Certifiably Byzantine-Robust Federated Conformal Prediction
- URL: http://arxiv.org/abs/2406.01960v1
- Date: Tue, 4 Jun 2024 04:43:30 GMT
- Title: Certifiably Byzantine-Robust Federated Conformal Prediction
- Authors: Mintong Kang, Zhen Lin, Jimeng Sun, Cao Xiao, Bo Li,
- Abstract summary: We introduce a novel framework Rob-FCP, which executes robust federated conformal prediction effectively countering malicious clients.
We empirically demonstrate the robustness of Rob-FCP against diverse proportions of malicious clients under a variety of Byzantine attacks.
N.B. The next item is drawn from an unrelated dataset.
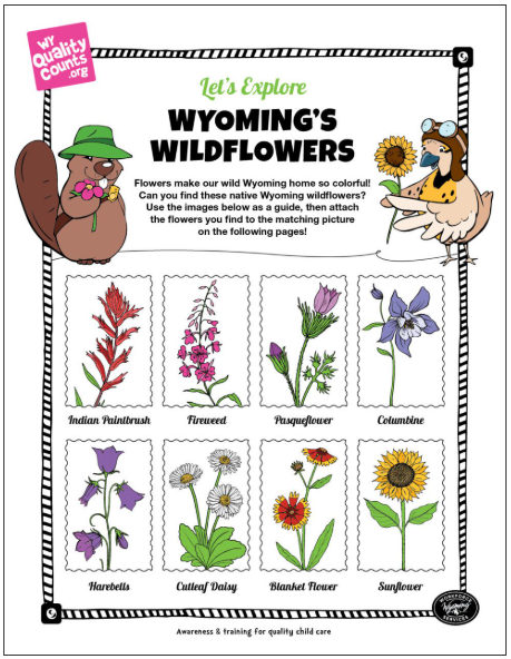 Flowers make our wild Wyoming home so colorful! Can you find these native Wyoming wildflowers? Use the images below as a guide, then attach the flowers you find to the matching picture on the following pages! Download the Activity Sheet
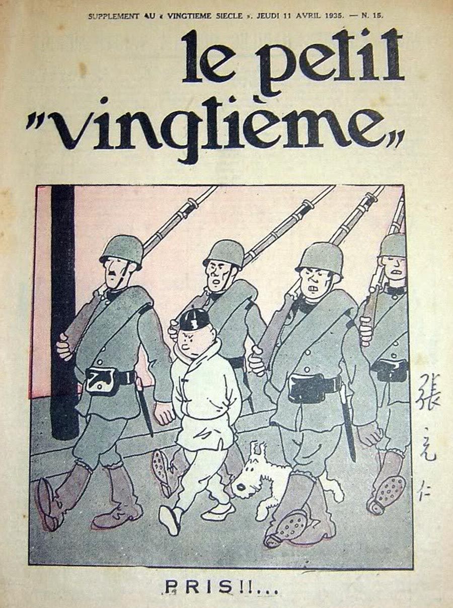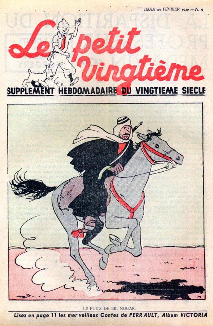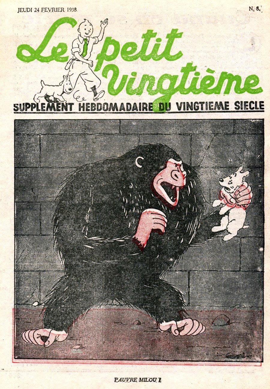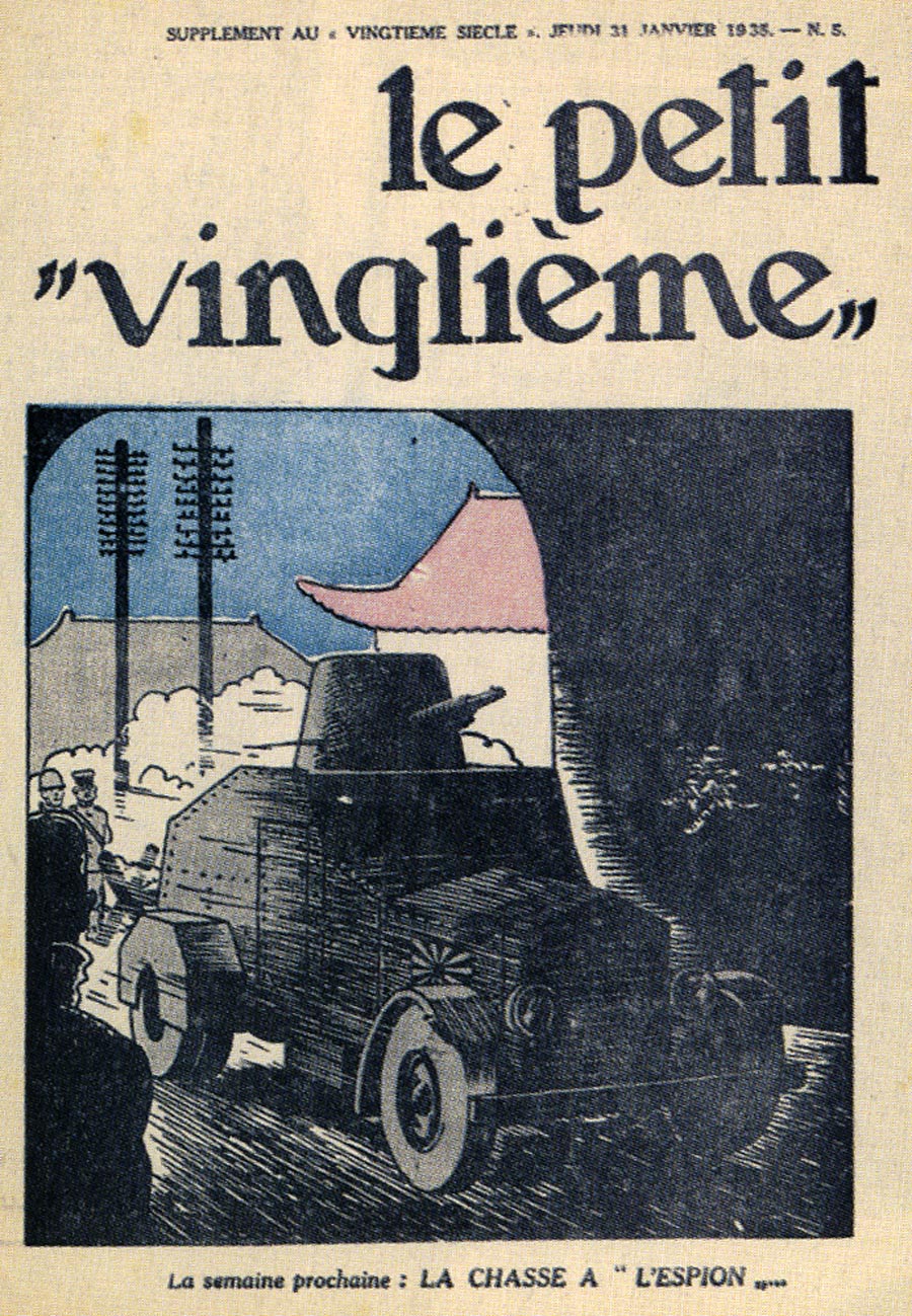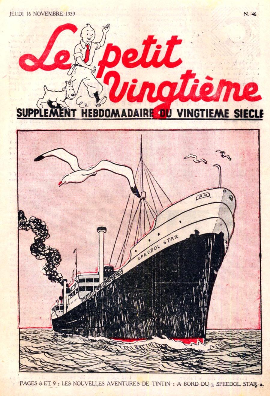 Pratiquement chaque semaine, jusqu’au 9 mai 1940, (date de l’invasion de la Belgique par les troupes allemandes) “Le Petit Vingtième” publiera sur une double page les Aventures de Tintin en pré-publication. La dernière aventure sera interrompue le 9 mai 1940 pour cause d’invasion allemande de la Belgique. La dernière case représentait Tintin, dans le désert, sous la menace du fusil de Müller.

- Score: 49.23374238798428
- License: http://creativecommons.org/licenses/by/4.0/
- Abstract: Conformal prediction has shown impressive capacity in constructing statistically rigorous prediction sets for machine learning models with exchangeable data samples. The siloed datasets, coupled with the escalating privacy concerns related to local data sharing, have inspired recent innovations extending conformal prediction into federated environments with distributed data samples. However, this framework for distributed uncertainty quantification is susceptible to Byzantine failures. A minor subset of malicious clients can significantly compromise the practicality of coverage guarantees. To address this vulnerability, we introduce a novel framework Rob-FCP, which executes robust federated conformal prediction, effectively countering malicious clients capable of reporting arbitrary statistics with the conformal calibration process. We theoretically provide the conformal coverage bound of Rob-FCP in the Byzantine setting and show that the coverage of Rob-FCP is asymptotically close to the desired coverage level. We also propose a malicious client number estimator to tackle a more challenging setting where the number of malicious clients is unknown to the defender and theoretically shows its effectiveness. We empirically demonstrate the robustness of Rob-FCP against diverse proportions of malicious clients under a variety of Byzantine attacks on five standard benchmark and real-world healthcare datasets.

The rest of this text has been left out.